The two met at the very un-Brazilian University of North Carolina, where both were students. King heard Haddad playing modern jazz guitar and asked if he knew any bossa nova. Their fates were sealed from that moment on – they’ve been a couple both personally and professionally, co-leading the bossa jazz band Minas for more than 30 years.

“I was going through a lot of searching at that time,” Haddad explains. Meeting King was “a wake-up call to go back to my roots. I realized this music has such significance, so I started researching my roots and seeing the beauty in this music. Bossa nova is not easy music to play. It’s taken a lifetime to get anywhere close to mastering it.”

Haddad and King arrived in Philly in 1984 and soon became the house band at the upscale Broad Street restaurant Apropos. During their six-year tenure at the eatery the duo crossed paths with countless members of the city’s jazz scene, including local jazz great John Swana and bassist Gerald Veasley. Jazz and bossa nova are inextricably intertwined; it was a fusion of jazz and samba that gave birth to the genre, which was then adopted by American artists like Stan Getz and Clare Fischer.

“We were the only people doing Brazilian bossa nova in this area,” Haddad recalls. “So many people who are in the jazz scene loved this music, so they welcomed the chance to play it with the authentic approach.”

Minas will present a program of the songs of Antonio Carlos Jobim, one of the music’s founders and undoubtedly its best known composer, at World Café Live this Saturday, November 7th. Much of the material for the show will draw on songs recorded on the band’s most recent release, Symphony in Bossa, which featured orchestral arrangements of pieces by Jobim and originals by Minas. This performance will pare the band back to a quintet formation, featuring Swana on valve trombone and EVI, bassist Jim Stager, and drummer Tom Cohen.

Like the CD, their World Café Live show will include some of Jobim’s best-known songs, including “The Girl From Ipanema,” “Quiet Nights (Corcovado),” and “Desafinado,” along with several more obscure tunes from the composer’s pen.

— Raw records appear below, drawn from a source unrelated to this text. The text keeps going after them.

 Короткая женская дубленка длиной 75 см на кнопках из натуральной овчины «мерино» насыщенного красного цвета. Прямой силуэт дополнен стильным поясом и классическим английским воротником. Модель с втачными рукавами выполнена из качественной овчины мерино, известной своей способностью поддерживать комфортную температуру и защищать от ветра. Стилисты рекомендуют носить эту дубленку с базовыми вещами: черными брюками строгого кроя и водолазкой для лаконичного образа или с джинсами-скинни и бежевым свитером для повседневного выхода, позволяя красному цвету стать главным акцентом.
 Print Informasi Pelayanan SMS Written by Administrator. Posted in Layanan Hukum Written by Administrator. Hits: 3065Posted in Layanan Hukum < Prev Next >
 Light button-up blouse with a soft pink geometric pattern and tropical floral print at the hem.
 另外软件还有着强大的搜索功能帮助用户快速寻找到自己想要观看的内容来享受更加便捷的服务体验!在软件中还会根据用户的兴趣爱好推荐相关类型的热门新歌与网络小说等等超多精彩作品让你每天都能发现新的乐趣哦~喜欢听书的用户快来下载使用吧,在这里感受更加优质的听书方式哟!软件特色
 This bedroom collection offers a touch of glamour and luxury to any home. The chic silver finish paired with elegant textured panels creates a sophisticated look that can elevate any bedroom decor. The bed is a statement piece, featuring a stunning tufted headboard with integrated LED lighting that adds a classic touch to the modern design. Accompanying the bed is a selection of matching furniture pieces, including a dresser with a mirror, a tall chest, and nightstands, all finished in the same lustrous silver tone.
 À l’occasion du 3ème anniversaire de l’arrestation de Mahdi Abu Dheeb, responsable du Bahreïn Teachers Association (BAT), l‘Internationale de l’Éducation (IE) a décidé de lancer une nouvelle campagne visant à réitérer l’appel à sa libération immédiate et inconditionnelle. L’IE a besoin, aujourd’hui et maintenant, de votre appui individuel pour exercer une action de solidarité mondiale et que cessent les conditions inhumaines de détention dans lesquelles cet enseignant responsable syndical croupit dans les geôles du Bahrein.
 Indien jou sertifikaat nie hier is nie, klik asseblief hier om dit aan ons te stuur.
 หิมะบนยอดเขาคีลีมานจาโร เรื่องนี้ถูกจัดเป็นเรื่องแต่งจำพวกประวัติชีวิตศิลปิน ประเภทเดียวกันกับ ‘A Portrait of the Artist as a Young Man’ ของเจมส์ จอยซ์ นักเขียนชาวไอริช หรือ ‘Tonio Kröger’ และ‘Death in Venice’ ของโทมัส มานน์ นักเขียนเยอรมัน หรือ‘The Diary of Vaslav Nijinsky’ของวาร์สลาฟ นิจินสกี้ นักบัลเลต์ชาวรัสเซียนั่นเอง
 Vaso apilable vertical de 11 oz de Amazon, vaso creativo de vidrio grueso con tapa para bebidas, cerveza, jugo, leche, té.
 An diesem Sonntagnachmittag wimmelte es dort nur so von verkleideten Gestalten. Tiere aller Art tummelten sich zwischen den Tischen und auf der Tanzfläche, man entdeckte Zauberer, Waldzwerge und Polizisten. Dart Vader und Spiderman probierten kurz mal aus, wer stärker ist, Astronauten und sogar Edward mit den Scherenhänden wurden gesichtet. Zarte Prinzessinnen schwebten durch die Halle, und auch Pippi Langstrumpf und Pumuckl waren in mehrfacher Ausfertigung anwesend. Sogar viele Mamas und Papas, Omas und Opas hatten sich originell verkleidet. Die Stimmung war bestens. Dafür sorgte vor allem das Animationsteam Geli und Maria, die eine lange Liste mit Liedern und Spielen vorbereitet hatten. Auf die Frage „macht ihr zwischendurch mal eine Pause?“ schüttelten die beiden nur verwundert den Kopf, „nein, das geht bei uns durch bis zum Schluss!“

Symphony in Bossa was born from Minas’ relationship with the late Bill Zaccagni, who was a colleague of Haddad’s on the faculty of the University of the Arts. When they’d cross paths in the hallways or elevators, they’d frequently fantasize about pairing Zaccagni’s student big band with Minas’ Brazilian sounds. That dream became reality in 2004 when they performed Zaccagni’s string-drenched arrangements at the Merriam Theater. He passed away in 2007, but his charts were finally realized earlier this year after a ten-year effort with the help of grants, a Kickstarter campaign, and old-fashioned gig fund-raising. The result, Minas’ 6th CD, is now up for four Grammy Award nominations, including Best Latin Jazz Album.

Haddad and King return to Brazil once a twice a year to absorb the ever-changing sounds in the country. These days, the local music tends more toward hip-hop and pop, but the couple haunt record and music stores and concert venues to discover what they can. “What I really love about the music isthat it’s very rich – harmonically, rhythmically, melodically, lyrically – and it’s very organic in the sense that people are very socially involved with it,” King says. “It’s very much a part of their lives. It’s in the streets, at concerts people sing along with the artists. I really like the sense that it’s not just about sitting, watching and listening, but it’s very much woven into their culture. You can feel it when you’re down there. It’s in the pulse of life.”